2018 Quality Payment Program Changes

2018 Quality Payment Program Changes

In early November, the Centers for Medicare and Medicaid Services (CMS) released a final rule updating the Medicare Quality Payment Program (QPP) for 2018 and beyond. While changes were finalized to both tracks of the QPP (Advanced APMs and Merit-Based Incentive Payment System [MIPS]), we will highlight those affecting MIPS since more physicians are participating in that track during the initial years of the program.

Performance Threshold

During the 2017 transitional year of the QPP, MIPS participants could avoid the 4 percent negative payment adjustment by earning just 3 points. As well, providers who chose to participate further in order to earn a positive payment adjustment could participate in all MIPS categories for just 90 days. For the 2018 performance year, MIPS participants must earn 15 points to avoid a 5 percent negative payment adjustment. Also, the performance period for the Advancing Care Information, Improvement Activities, and Cost performance categories remains 90 days, but providers must participate for 12 months in the Quality category.

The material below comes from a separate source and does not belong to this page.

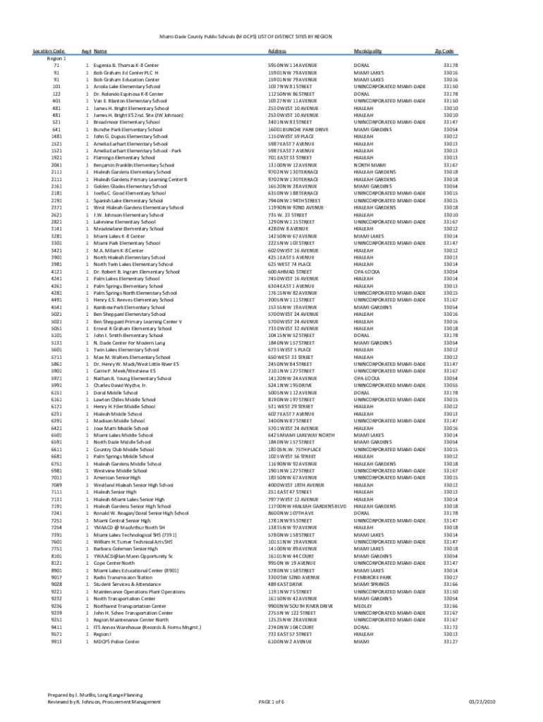 Get the free North Region Office - Miami-Dade County Public Schools

Scoring and Payment Adjustments

Payment adjustments for 2018/2020 will be +/- 5 percent up from +/- 4 percent in 2017/2019. The various performance categories will be weighted as follows for 2018/2020: Cost — 10 percent (rather than 0 percent as proposed); Quality — 50 percent (rather than 60 percent as proposed); Improvement Activities — 15 percent; and Advancing Care Information (ACI) — 25 percent.

Low Volume Threshold

Among the biggest proposed changes is increasing the low-volume threshold to exclude individual MIPS eligible clinicians or groups with up to $90,000 in Part B allowed charges or up to 200 Part B beneficiaries. For year one, the threshold was up to $30,000 in Part B allowed charges or up to 100 Part B beneficiaries.

Virtual Groups

Another important change to the program for the 2018 performance year (2020 payment year) is the addition of the Virtual Groups participation option. Virtual Groups would comprise solo practitioners and groups of 10 or fewer eligible clinicians who come together “virtually” with at least one other such solo practitioner or group to participate in MIPS for a performance period of a year.

Clinicians in a Virtual Group would report as such across all four performance categories and would need to meet the same measure and performance category requirements as non-virtual MIPS groups. Participants in a virtual group must surpass the low-volume threshold individually in order to participate and must elect the MIPS virtual group option prior to the beginning of the performance period. For 2018, the election process is open through December 31, 2017. Once the performance period starts, participants are locked into that option. As well, if one member of a TIN participates in a virtual group, then all MIPS eligible clinicians within that same TIN must participate in the virtual group.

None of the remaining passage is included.